What impact will it have on my credit rating?

Your credit score is determined by several factors including your repayment history, application searches, your debt, and how much credit you have available to you.

By paying off loans and ensuring you make your repayments on time every month, your credit rating will begin to improve.

When might debt consolidation be the right choice?

  • If you are making multiple repayments every month because you owe money on credit cards, store cards, finance deals or payday loans
  • If you are struggling to manage your debt and make minimum payments
  • If you need to decrease your monthly outgoings
  • If the debt consolidation loan amount covers the full amount that you owe to all creditors
  • If you are likely to take out short term loans in the future or build up your credit card debt again, debt consolidation isn’t a sensible option. You could find yourself in a far worse financial situation than you started with.

Getting the right guarantor loan for debt consolidation

  • How much do you need to borrow?

Add up your debt and any charges you need to pay off. Make sure you borrow enough to pay off all your creditors, or you might still end up with multiple repayments each month.

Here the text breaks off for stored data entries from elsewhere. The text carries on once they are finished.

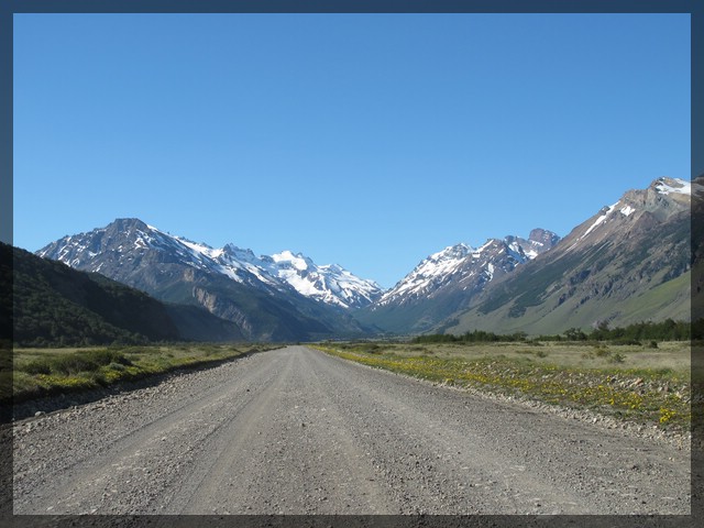 Wir fahren die Straße noch ein Stück weiter. Hier öffnet sich das zuvor sehr schmale Tal des Rio de las Vueltas. Eine wunderschöne urwüchsige Landschaft, die uns entfernt an Kanada erinnert. Im Prinzip führt die Straße von hier aus nirgendwo hin: Sie endet in einem schmalen Tal am Südufer des Lago del Desierto. Von hier aus könnte man mit einem kleinen Boot auf die andere Seite des Sees übersetzen. Dann sind es 22 Kilometer zu Fuß zum Lago O'Higgins, wobei die Grenze nach Chile überquert wird. Der Lago O'Higgins lässt sich wieder mit dem Boot überqueren - dann landet man in O'Higgins, der Stadt am allersüdlichsten Ende der Carretera Austral. Eine Traumroute für Backpacker, aber nicht für Leute, die wie wir mit dem Auto unterwegs sind.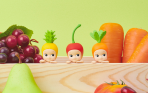 In this series, is wearing colorful fruit & veggie headgear and is climbing upwards in an adorable position!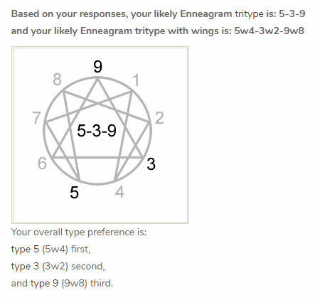 Judging by my posts so far on this forum, could this be my possible tritype? I had thought for sure that I may be a 9 first type instead. Is there a way for me to confirm what tritype I am on this forum through certain questionnaires and what not?
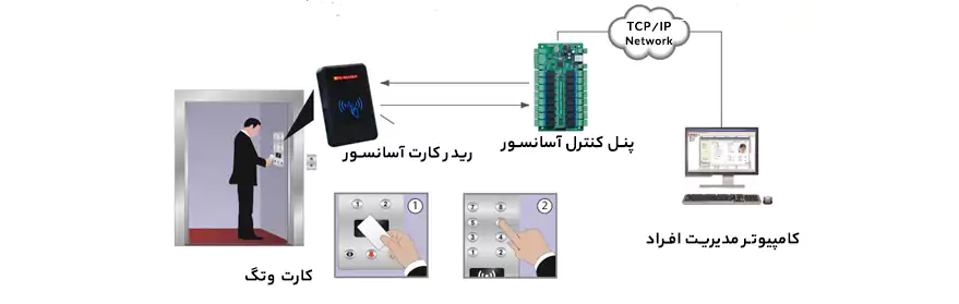 استفاده اشتراکی از پنل کاربری آسانسور با کارت،تگ و رمز: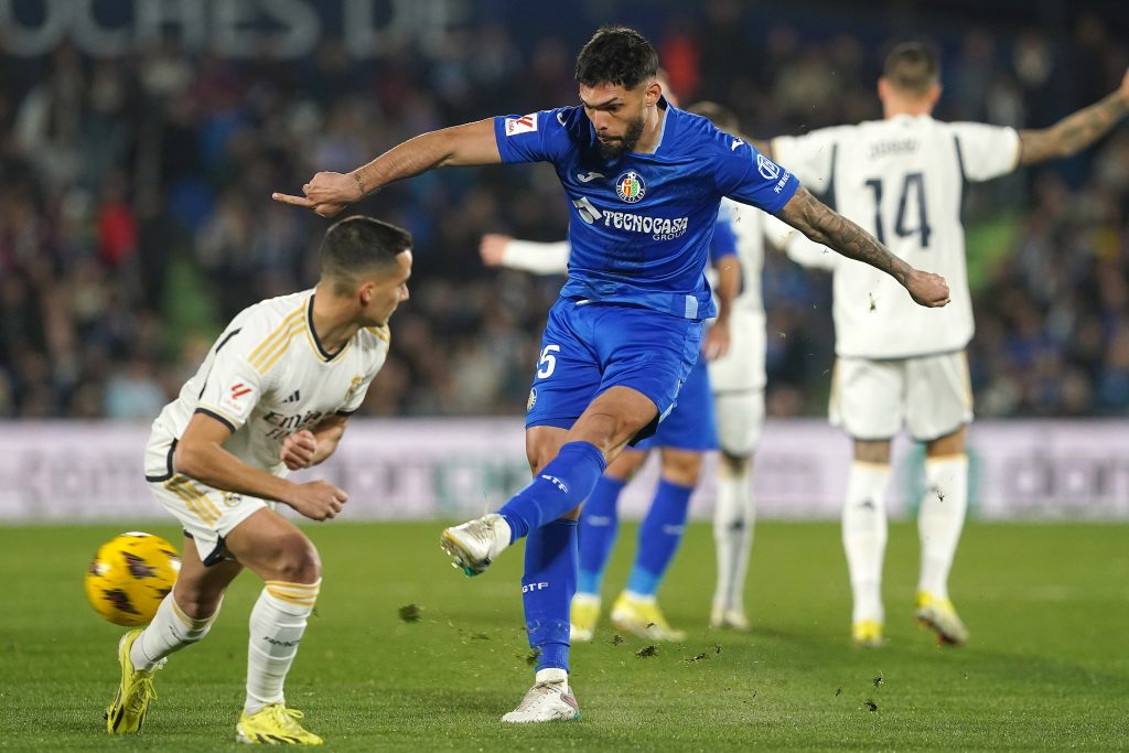 De nuevo con esa sensación de comodidad, el conjunto blanco salvó la presión del rival, se fue por la banda derecha con Lucas Vázquez y el remate de cabeza de Joselu fue mucho mejor que la indecisión del central y del portero. Sin robar un balón ni tampoco tener profundidad en el ataque posicional, el equipo de Bordalás se fue al descanso sin probar a Lunin, ni de lejos.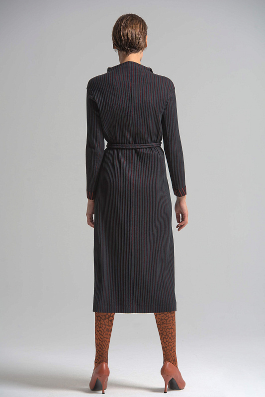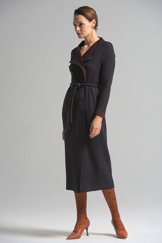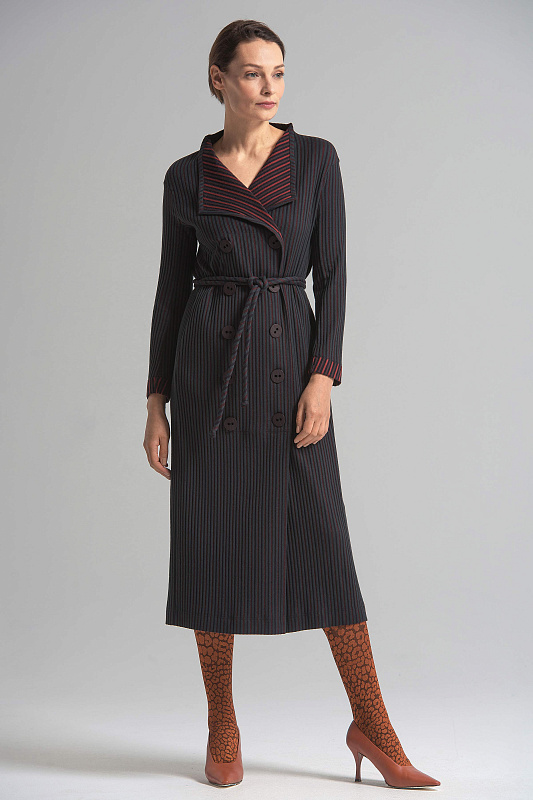 Платье двубортное с оригинальным поясом, подчеркивающим талию. Воротник-стойка, спущенная линия плеча, длинный втачной рукав, карман в шве. Модель прекрасно подойдет как на каждый день, так и для вечернего выхода. Ткань – фактурный хлопок с вискозой. Небольшое содержание эластана обеспечивает комфорт и свободу движений.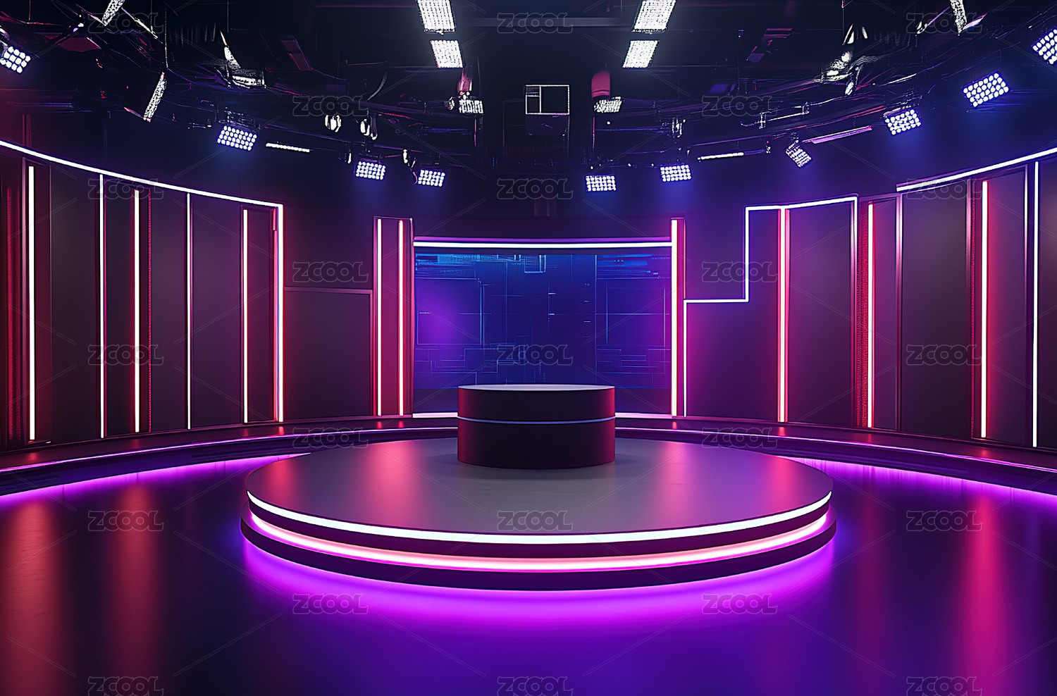 圆形舞台的蓝紫霓虹柱

  • How quickly can you pay off the loan?

Your monthly repayments will be less if you borrow for a longer term, but the quicker you can pay off the loan, the less you’ll end up paying overall. It’s about finding the right balance to make the payments manageable and minimise how much you’ll end up repaying.

Our guarantor loan calculator is a great way of testing out the different loan terms to see what your monthly repayment would be and how much you’d need to pay back overall.

How to apply

  1. Find a guarantor

Once you’ve worked out how much you need to borrow and how quickly you can afford to repay it, you’ll need a guarantor with a good credit rating who is willing to co-sign the agreement. Check whether they’re renting or if they own their home as you’ll need this information before you apply.

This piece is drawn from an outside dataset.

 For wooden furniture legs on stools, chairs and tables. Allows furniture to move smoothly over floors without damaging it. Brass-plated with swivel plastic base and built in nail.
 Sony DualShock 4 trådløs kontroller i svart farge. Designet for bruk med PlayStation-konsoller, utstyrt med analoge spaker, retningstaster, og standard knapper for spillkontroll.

  1. Apply direct with UK Credit

We keep our process as simple as we can but we need to make sure you and your guarantor are suitable for a guarantor loan so there are affordability checks we need to carry out. We don’t want our customers to end up in financial difficulty and only approve loans if we are confident that the repayments are affordable for both the applicant and guarantor.

  1. Receive your funds

Once approved, we pay the funds to your guarantor who will transfer them to you. You can use the money for whatever you need it for, whether it’s your dream wedding or to fix that leaky roof.